ModernBERT-Ja-70M
Property | Value |
---|---|
Parameter Count | 70M (31M without embeddings) |
Context Length | 8,192 tokens |
Training Data | 4.39T tokens (Japanese & English) |
License | MIT |
Author | SB Intuitions |
What is modernbert-ja-70m?
ModernBERT-Ja-70M is an innovative Japanese language model that combines local and global attention mechanisms to efficiently process long sequences. Developed by SB Intuitions, this model represents a significant advancement in Japanese language understanding, featuring a vocabulary size of 102,400 and the ability to handle sequences up to 8,192 tokens in length.
Implementation Details
The model was trained through a three-stage process: initial pre-training on 3.51T tokens, followed by two context extension phases using 430B and 450B tokens respectively.

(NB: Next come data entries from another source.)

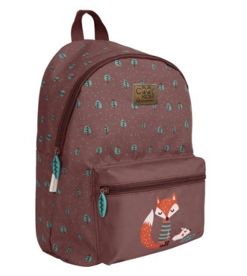 Odkryj plecak dziecięcy Perletti z kolekcji Cool Kids, o wymiarach 36 x 25 x 15 cm, który doskonale sprawdzi się zarówno w szkole, jak i podczas codziennych przygód. Ten uroczy plecak wyróżnia się wyjątkowym wzorem z lisem i jeżem na brązowym tle, ozdobionym delikatnymi, niebieskimi motywami liści, co nadaje mu przyjazny i kolorowy charakter, który zachwyci każde dziecko.
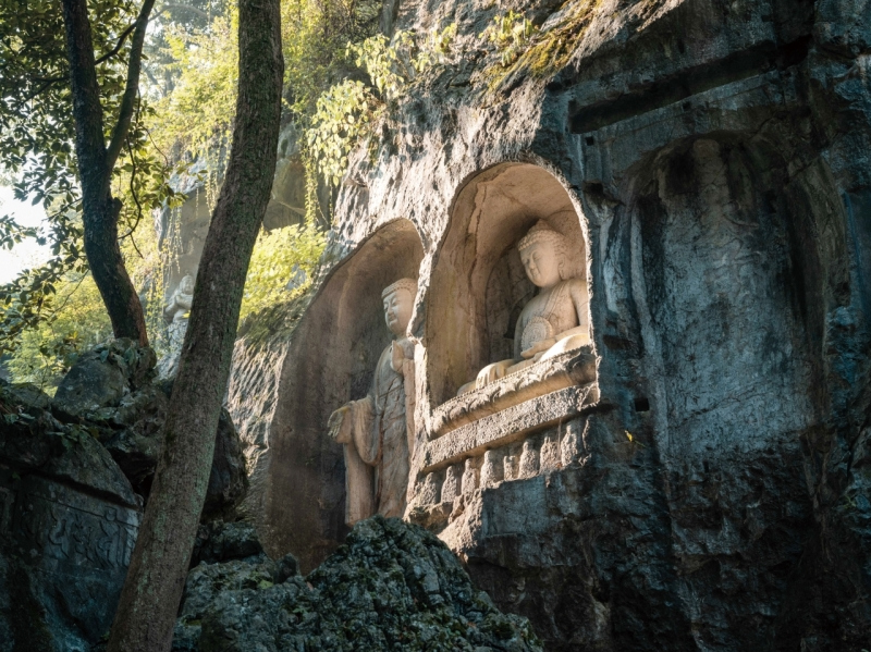 The Feilai Peak (or Peak Flown from Afar) was the third place that Wang had been to, which is one of the most popular tourist destinations in Hangzhou, with more than three hundred exquisitely carved Buddhist statues hidden in the caves of the walls of the cliff. Also known as Lingjiu Peak, the Feilei Peak can be seen right in front of Hangzhou's Lingyin Temple. Legend has it that over 1,600 years ago, when an Indian monk by the name of Huili arrived, he was quite surprised to see a peak towering above the nearby valley and high in the sky. He wondered aloud "how has such a peak flown all the way from India to this place?" Hence the name of the peak.
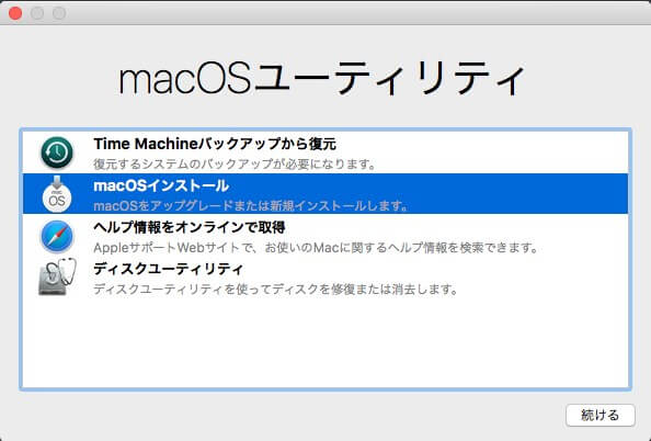 4)ディスクユーティリティを閉じ、「macOSインストール」を選択

The architecture employs modern improvements like RoPE (Rotary Position Embedding) and uses a combination of global and local attention patterns (1 layer global + 2 layers local).
- Model Dimension: 384
- Intermediate Dimension: 1536
- Number of Layers: 13
- Head Dimension: 64
- Sliding Window Size: 128
Core Capabilities
- Masked Language Modeling with strong performance
- Excellent results on various downstream tasks including JGLUE
- Support for both Japanese and English text processing
- Flash Attention 2 compatibility for improved performance
- Direct raw sentence input without pre-tokenization
Frequently Asked Questions
Q: What makes this model unique?
The model's distinctive feature is its hybrid attention mechanism combining local and global attention, allowing it to process long sequences efficiently while maintaining high performance on various NLP tasks. It's also trained on a massive corpus of 4.39T tokens and incorporates modern architectural improvements.
Q: What are the recommended use cases?
The model excels at masked language modeling and is primarily designed for fine-tuning on downstream tasks. It performs particularly well on tasks like Japanese linguistic acceptability, natural language inference, and semantic textual similarity. However, it's not recommended for text generation tasks.